8:42 A: Not much to report, other than my secondary (laptop) screen seems incredibly tiny. I spent a lot of time sitting this weekend at the SD RailsBridge conference, and my feet thanked me for that.

10:10 A: My heels are kind of achey already. The mats I ordered last week are on backorder (of course they are). Got my new drawers assembled and put stuff in it, but I haven’t gotten the cable organizer installed yet. I can’t stand the spaghetti of cables hanging down at the moment. The old desk had a solid back, so you couldn’t see anything behind it (or get anything when it fell down, cue me lying on the desk reaching for the dropped cables).

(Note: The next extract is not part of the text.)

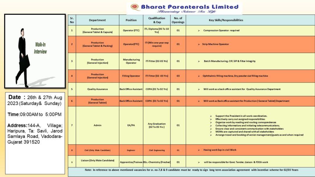 Bharat Parenterals Limited Walk In Drive on 26th & 27th Aug 2023 (Saturday & Sunday)

11:14 A: One hunt for the drill, one hunt for the drill bit, and a bunch of wiggling later, and now we are cably-managed. Off to the far right, you can also see the white drawers I picked up from Ikea.

Before:
without cable management
After:
with cable management

1:10 P: Back from tasty garlic for lunch. My head is being kind of migrainey, so I’m not sure how long I’ll last standing the rest of the day.
5:20 P: Well, my head was unhappy the rest of the day and I blobbed on the couch for the afternoon. Then we moved our old desks outside for pickup tomorrow (don’t steal them). So, I basically didn’t stand at all the rest of the day.